Task inputs >>
============================================================

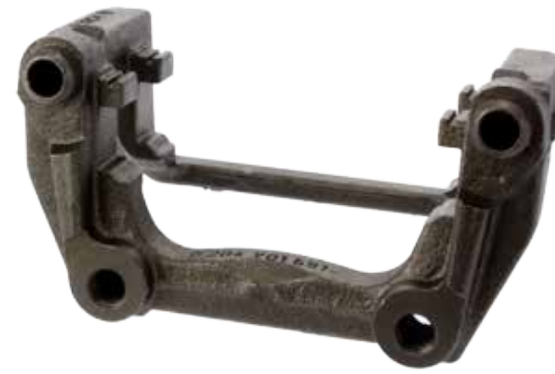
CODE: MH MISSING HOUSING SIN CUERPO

============================================================

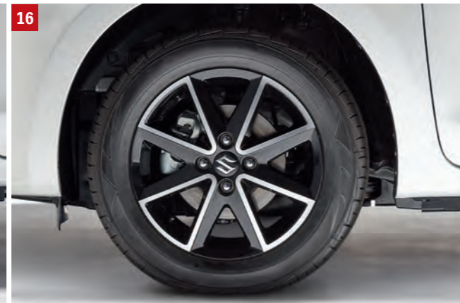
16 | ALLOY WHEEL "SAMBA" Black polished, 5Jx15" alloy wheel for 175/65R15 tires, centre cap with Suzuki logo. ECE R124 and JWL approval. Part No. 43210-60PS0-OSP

============================================================

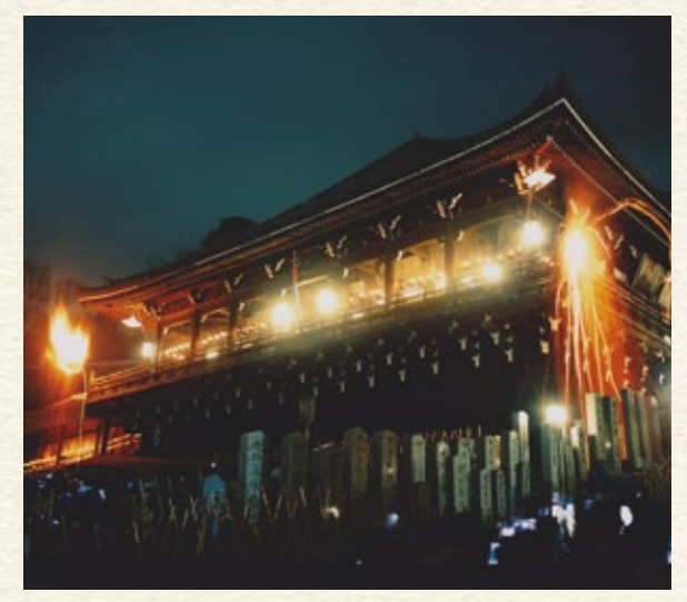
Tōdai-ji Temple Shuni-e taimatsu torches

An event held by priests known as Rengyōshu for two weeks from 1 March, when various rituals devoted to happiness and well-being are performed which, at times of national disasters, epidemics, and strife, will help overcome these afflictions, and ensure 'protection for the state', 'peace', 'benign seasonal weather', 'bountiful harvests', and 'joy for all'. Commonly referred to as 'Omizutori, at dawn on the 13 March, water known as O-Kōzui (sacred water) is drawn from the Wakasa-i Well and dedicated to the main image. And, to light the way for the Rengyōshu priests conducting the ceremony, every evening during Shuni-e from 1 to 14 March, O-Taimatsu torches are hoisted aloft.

============================================================

Task details >>
Using the entries above, work out the number of lines containing the string "torches", and supply only that number.

Response area >>
2